* Exercise requirements *
Reproduce the entire listing exactly. Leave the pictures out.

* Data shown *
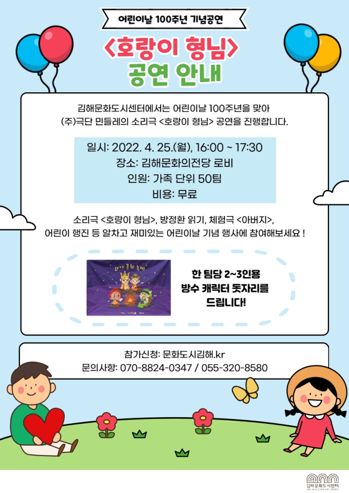 (재)김해문화재단 김해문화도시센터가 어린이날(100주년)을 기념하고자 오는 25일 ㈜극단 민들레의 소리극 <호랑이 형님> 공연을 진행한다.
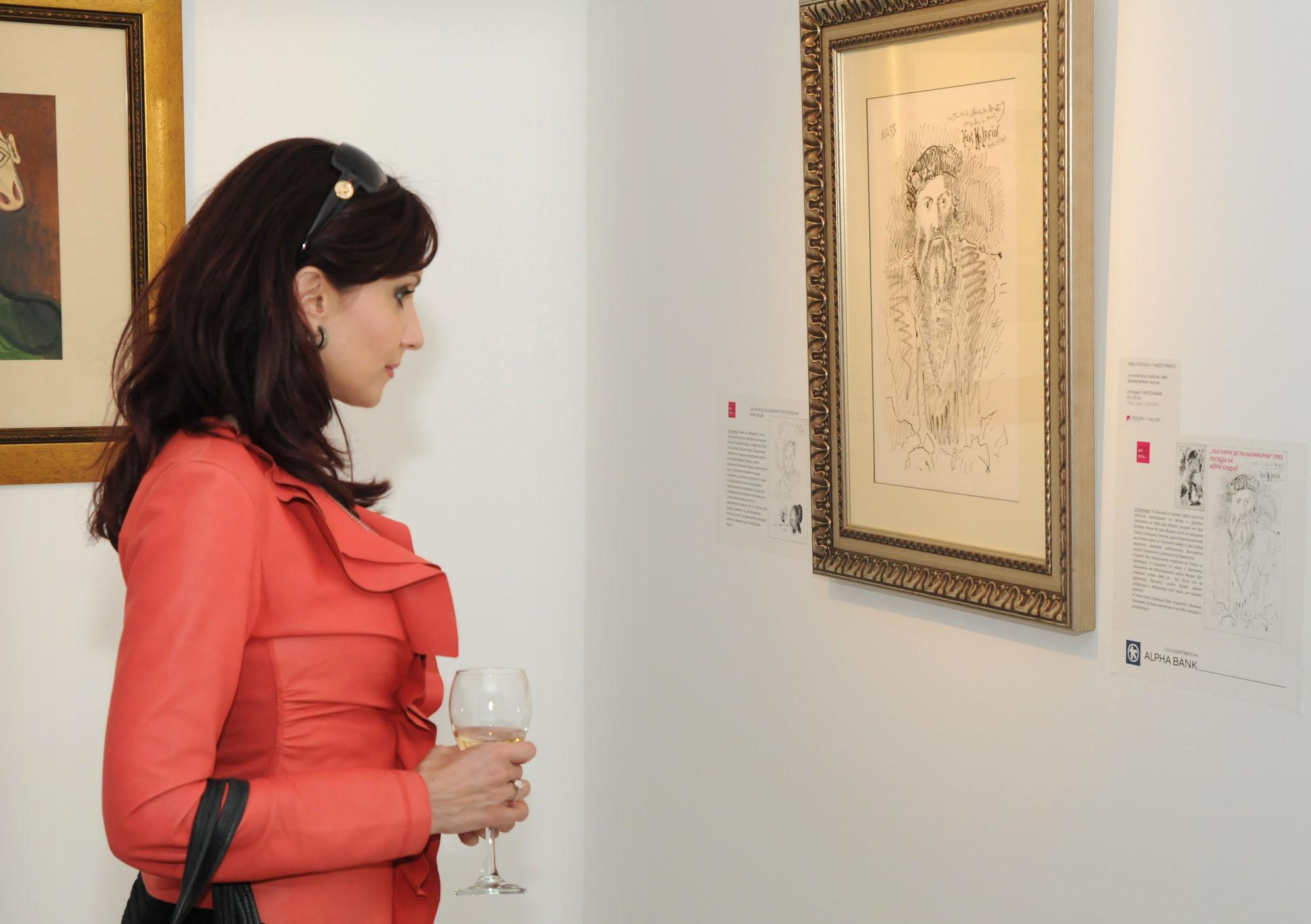 В арт салона на Оборище 10 почитателите на изкуството могат да видят пълната серия от „Калифорнийският скицник“, портфолио, върху което Пикасо работи от 1 ноември 1955 до 14 януари 1956. То включва 25 листа, подвързани със спирала, а подредбата на скиците в него може да изглежда объркваща на пръв поглед. Авторът е използвал първо всички страници от дясната страна и когато те свършват той обръща скицника и рисува върху гърба на всяка скица. Така от едната страна има изключително важната поредица от интериора на ателието, а от другата - етюдите с жената в турски одежди, както и няколко скици от известни произведения на дрезденския музей.
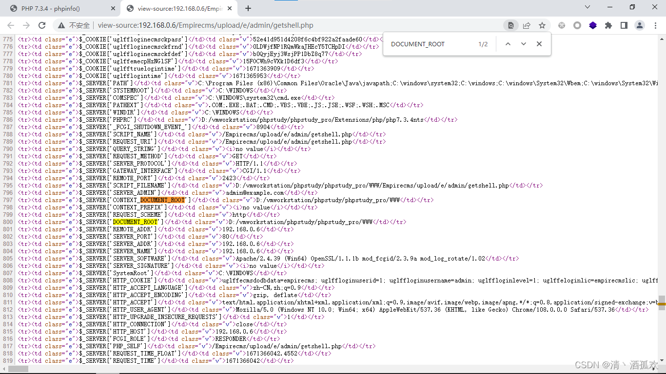 这里只是找到了php的绝对路径,还不是web所存储的路径,这时候查看源代码搜索DOCUMENT_ROOT查询网站所处的绝对路径
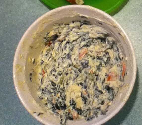 Mezcla 10 onzas de espinaca picada en el recipiente con un envase de yogurt, una taza de semiescabechadas, todo el paquete de mezcla de vegetal, y por supuesto, los tres picados cebolla de verdeo. Su puesto en la nevera durante unas dos horas y se realiza la inmersión!

* Written solution *
 (재)김해문화재단 김해문화도시센터가 어린이날(100주년)을 기념하고자 오는 25일 ㈜극단 민들레의 소리극 <호랑이 형님> 공연을 진행한다.
 В арт салона на Оборище 10 почитателите на изкуството могат да видят пълната серия от „Калифорнийският скицник“, портфолио, върху което Пикасо работи от 1 ноември 1955 до 14 януари 1956. То включва 25 листа, подвързани със спирала, а подредбата на скиците в него може да изглежда объркваща на пръв поглед. Авторът е използвал първо всички страници от дясната страна и когато те свършват той обръща скицника и рисува върху гърба на всяка скица. Така от едната страна има изключително важната поредица от интериора на ателието, а от другата - етюдите с жената в турски одежди, както и няколко скици от известни произведения на дрезденския музей.
 这里只是找到了php的绝对路径,还不是web所存储的路径,这时候查看源代码搜索DOCUMENT_ROOT查询网站所处的绝对路径
 Mezcla 10 onzas de espinaca picada en el recipiente con un envase de yogurt, una taza de semiescabechadas, todo el paquete de mezcla de vegetal, y por supuesto, los tres picados cebolla de verdeo. Su puesto en la nevera durante unas dos horas y se realiza la inmersión!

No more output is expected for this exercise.